Managed and optimized big data clusters using Azure HDInsight, ensuring efficient data processing and analytics
capabilities.
Utilized Azure Blob Storage and Azure Data Lake Storage for scalable and cost-effective data storage solutions.
Automated tasks and workflows using PowerShell, streamlining data management and operations.

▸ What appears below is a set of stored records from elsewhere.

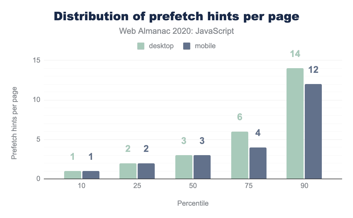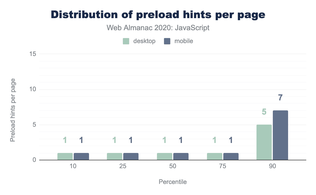 At the median, pages that use a prefetch hint to load JavaScript use three, while pages that use a preload hint only use one. The long tail gets a bit more interesting, with 12 prefetch hints used at the 90th percentile and 7 preload hints used on the 90th as well. For more detail on resource hints, check out this year’s Resource Hints chapter.
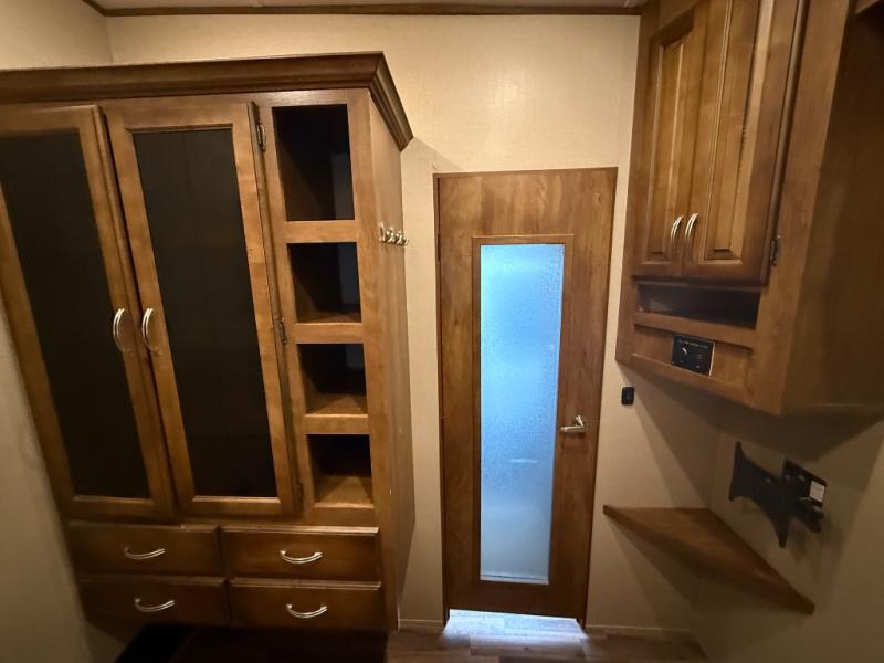 Continued forward down the hall to a private master bedroom with sliding door. Inside enjoy sleeping on the queen or optional king bed slide out with dresser opposite found along the curb side wall. There is also a TV bracket so you can easily add one for viewing if you choose. The front wall is filled with wardrobe storage for your things and a washer/dryer prepped space is in the center in case you wish to add units for even more convenience as you travel.
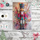 This vibrant nutcracker blends tradition with candy-coated whimsy—dressed in a teal and red jacket, gold-trimmed boots, and a tall blue hat. Surrounded by candy canes and lollipops, he stands against a splash of festive color with a stern gaze and classic white beard. Perfect for decoupage, mixed media, or furniture art that adds playful energy to your holiday creations.
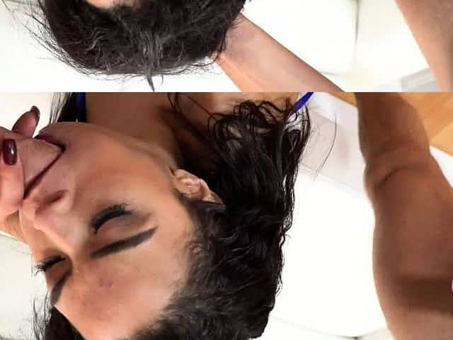 Cute exotic brunette Maya Bijou gets her mouth fucked by a fat dick

Applied Python with Pandas, NumPy, and PyTorch for data manipulation, analysis, and machine learning model
development, enhancing data processing capabilities.
Implemented data processing pipelines using Spark, handling large-scale data processing and analytics tasks.
Developed serverless functions using Azure Functions, enabling event-driven data processing and automation.
Managed and optimized Hadoop clusters for distributed data processing and analytics, ensuring scalability and
performance.
Implemented Kafka for real-time data streaming and processing, enabling real-time analytics and event-driven
architectures.
Managed secrets and access control using Azure Key Vault and Azure Active Directory (Azure AD), ensuring data security
and compliance.
Processed and analyzed JSON data formats, enabling structured data processing and integration.
Managed code repositories and collaborated with teams using Bitbucket, ensuring version control and code quality.
Utilized Impala for interactive SQL queries and analytics on Hadoop-based data platforms.
Implemented continuous integration and continuous deployment (CI/CD) pipelines using Azure DevOps, ensuring
automated and reliable software delivery.
Monitored and managed Azure resources using Azure Monitor and Azure Log Analytics, ensuring performance
optimization and troubleshooting.
Automated infrastructure deployment and management using Terraform, ensuring consistent and scalable infrastructure
configurations.
Containerized applications and services using Docker, enabling scalable and portable deployment of data solutions.
Orchestrated containerized applications using Kubernetes, ensuring efficient management and scaling of containerized
workloads.
Developed and deployed interactive data visualizations using Power BI, enabling data-driven insights and decision-
making.
Contributed to Agile methodologies, participating in Scrum ceremonies and sprint planning to deliver data solutions
iteratively and efficiently.
Managed project workflows and tasks using JIRA, ensuring collaboration and alignment with project goals and timelines.
Tech Stack: ADF, SQL Server, Azure Cosmos DB, Snowflake, Azure Databricks, Azure HDInsight, Azure Blob Storage, Azure
Data Lake Storage, PowerShell, Python, Spark, Azure Functions, Hadoop, Kafka, JSON, Bitbucket, Impala, Azure DevOps,
Azure Monitor, Terraform, Docker, Kubernetes, Power BI, JIRA.